Bei der Durchsuchung der Wohnung des [Name 1] wurde der für die Tat benutzte Handdruckkasten, der noch den zusammengesetzten Text des Hetzflugblattes enthielt, ein Hetzflugblatt sowie Stempelkissen und Papier gefunden.

Über die Motive der Tat sagten [Name 1] und [Name 2] bisher aus:

Beide seien mit den Sicherheitsmaßnahmen der Regierung der DDR vom 13.8.1961 nicht einverstanden, da sie dadurch nicht mehr nach Westberlin fahren könnten. Diese Einstellung wollten sie anderen Menschen bekanntgeben mit dem Ziel, sie zu einer gleichen oder ähnlichen Haltung zu bewegen und ein Rückgängigmachen einiger Maßnahmen des 13.8.1961 zu fordern.

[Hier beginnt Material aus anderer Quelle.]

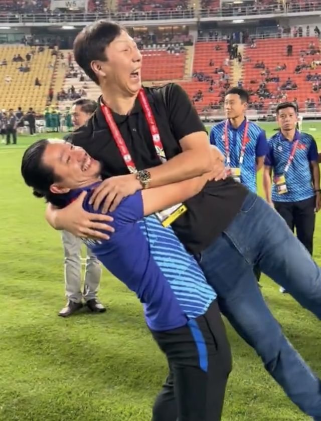 2021년 K리그1 우승 뒤 특유의 ‘힙합 댄스’를 선보인 김상식 감독은 베트남 선수들과 코치진에 둘러싸여 또 한 번 덩실덩실 춤을 췄다. 두 팔을 번쩍 들어 올려 세차게 흔들며 아이처럼 기뻐하기도 했다.
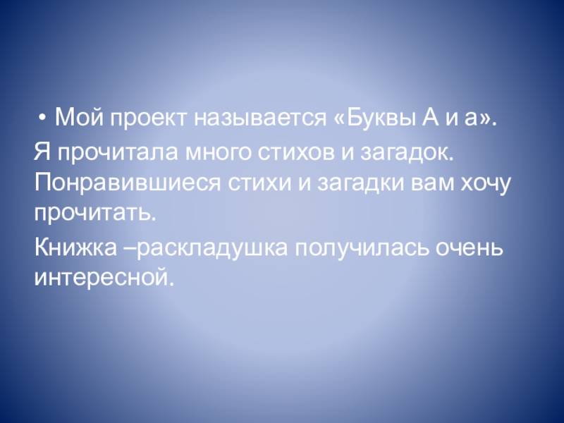 Мой проект называется «Буквы А и а».Я прочитала много стихов и загадок. Понравившиеся стихи и загадки вам хочу прочитать.Книжка –раскладушка получилась очень интересной.
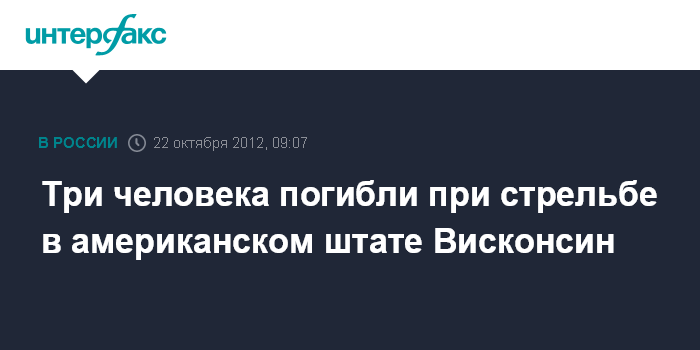 Лондон. 22 октября.INTERFAX.RU - Жертвами стрельбы в спа-центре города Брукфилд в американском штате Висконсин стали три человека, еще четверо получили ранения.
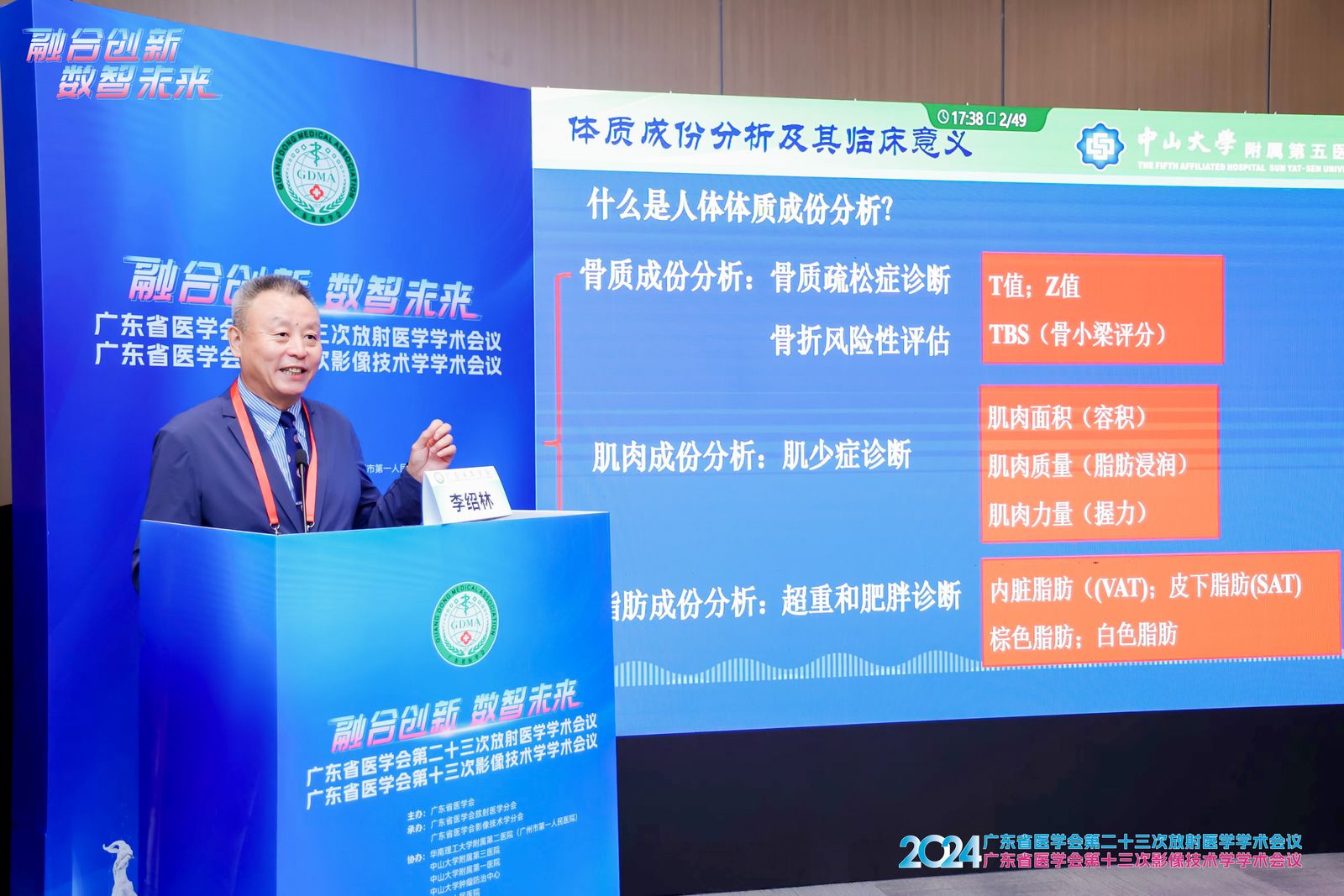 李绍林教授带领大家从骨质成份、肌肉成份、脂肪成份分析,分享了《体质成份分析影像学研究及其临床意义》。
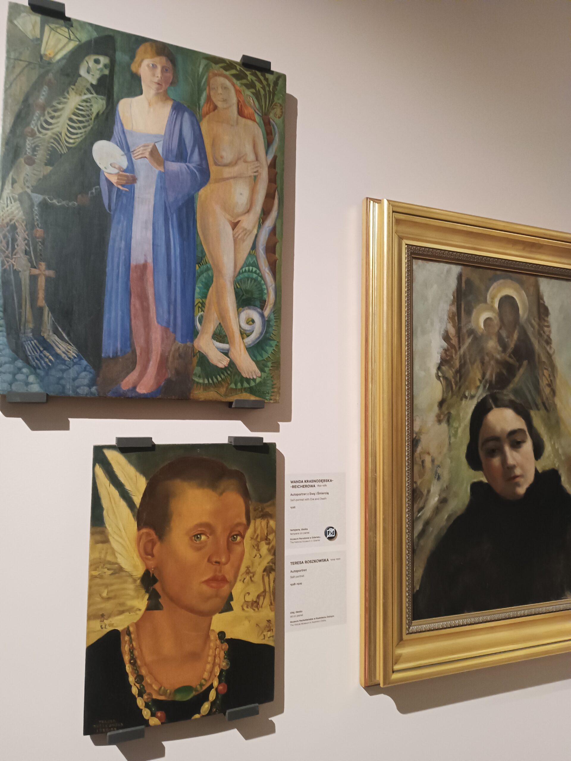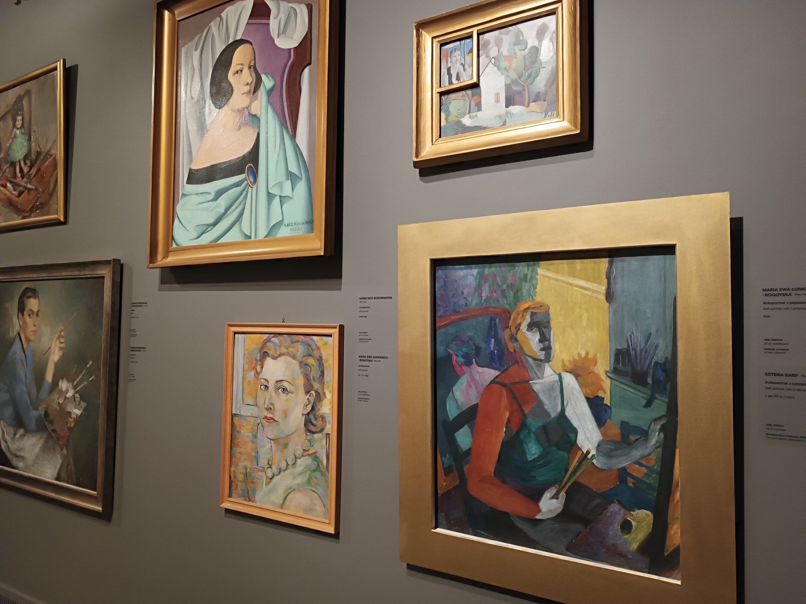 Autoportretów z atrybutami malarskimi jest na wystawie kilka, w ten sposób artystki podkreślały swój status. Ciekawie swą sytuację artystki przedstawiła Pia Górska na obrazie Przy lampie. Autoportret z 1898. Widzimy ją w typowym salonie, w czarnej sukni przy sztalugach, za nią przy stole, również w czarnej sukni, siedzi matka zajęta robótkami ręcznymi, prezentująca opresyjny system patriarchalny. Dużą niespodzianką są na wystawie obrazy Anieli Pająkówny, której losy zapewne potoczyłby się inaczej, gdyby nie toksyczny romans z psychodelicznym Stanisławem Przybyszewskim, którego przez lata finansowała. Umarła w biedzie i pochowano ją w zbiorowej mogile pod Paryżem. W tym pokoleniu malarek była jedyną mającą pochodzenie plebejskie, a staranne wykształcenie w kraju i za granicą uzyskała dzięki mecenatowi pracodawców jej ojca, Helenie i Mieczysławowi Pawlikowskim z Medyki. Warto przystanąć przy Autoportrecie córką, Stanisławą Przybyszewską (autorką dramatu Sprawa Dantona) To nie tylko świadectwo miłości, ale też odwagi, gdyż matki z nieślubnym dzieckiem spotykały się z ostracyzmem środowiska.
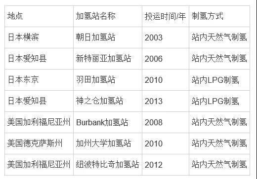 站內(nèi)天然氣制氫是未來加氫站發(fā)展的趨勢之一。目前日本和美國的站內(nèi)天然氣制氫(包括液化石油氣(LPG)制氫)的加氫站(部分)見表6。
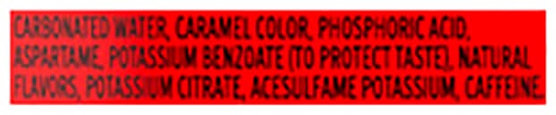 Ingredients: Carbonated Water, Caramel Color, Phosphoric Acid, Aspartame, Potassium Benzoate (to Protect Taste), Natural Flavors, Potassium Citrate, Acesulfame Potassium, Caffeine
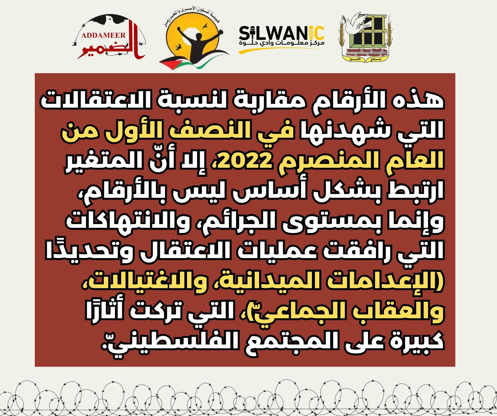 تؤكد مؤسسات الأسرى (هيئة شؤون الأسرى والمحررين، ونادي الأسير الفلسطيني، ومؤسسة الضمير لرعاية الأسير وحقوق الإنسان، ومركز معلومات وادي حلوة – القدس)، أنّ هذه الأرقام مقاربة لنسبة الاعتقالات التي شهدناها في النصف الأول من العام المنصرم 2022، إلا أنّ المتغير ارتبط بشكل أساس ليس بطبيعة الأرقام، وإنما بمستوى الجرائم، والانتهاكات التي رافقت عمليات الاعتقال وتحديدًا (الإعدامات الميدانية، والاغتيالات، والعقاب الجماعيّ)، التي تركت آثارًا كبيرة على المجتمع الفلسطينيّ، فيما كان المتغير الأبرز في هذه الأرقام، المتعلقة بمستوى أعداد أوامر الاعتقال الإداريّ، حيث بلغت هذا العام 2023 كما ذكرنا أعلاه (1608)، بينما كان عددها في النصف الأول من العام المنصرم 2022، (862).

Dieses Ziel wollten sie auch mit Mitteln der »Passivität«, der Ablehnung jeglicher politischer und gesellschaftlicher Betätigung erreichen (weitere Untersuchungen dazu werden geführt).

Die notwendigen Maßnahmen zur Feststellung eventueller Verbindungen zu volksfeindlichen Organisationen in Westberlin bzw. Westdeutschland wurden eingeleitet.

  1. Zum nächsten Dokument Vorkommnisse am Berliner Grenzübergang Waltersdorfer Chaussee

    18. Juni 1963
    Einzelinformation Nr. 377/63 über Vorkommnisse auf Westberliner Seite des neu eingerichteten Passierpunktes Waltersdorfer Chaussee (KPP Flughafen Schönefeld)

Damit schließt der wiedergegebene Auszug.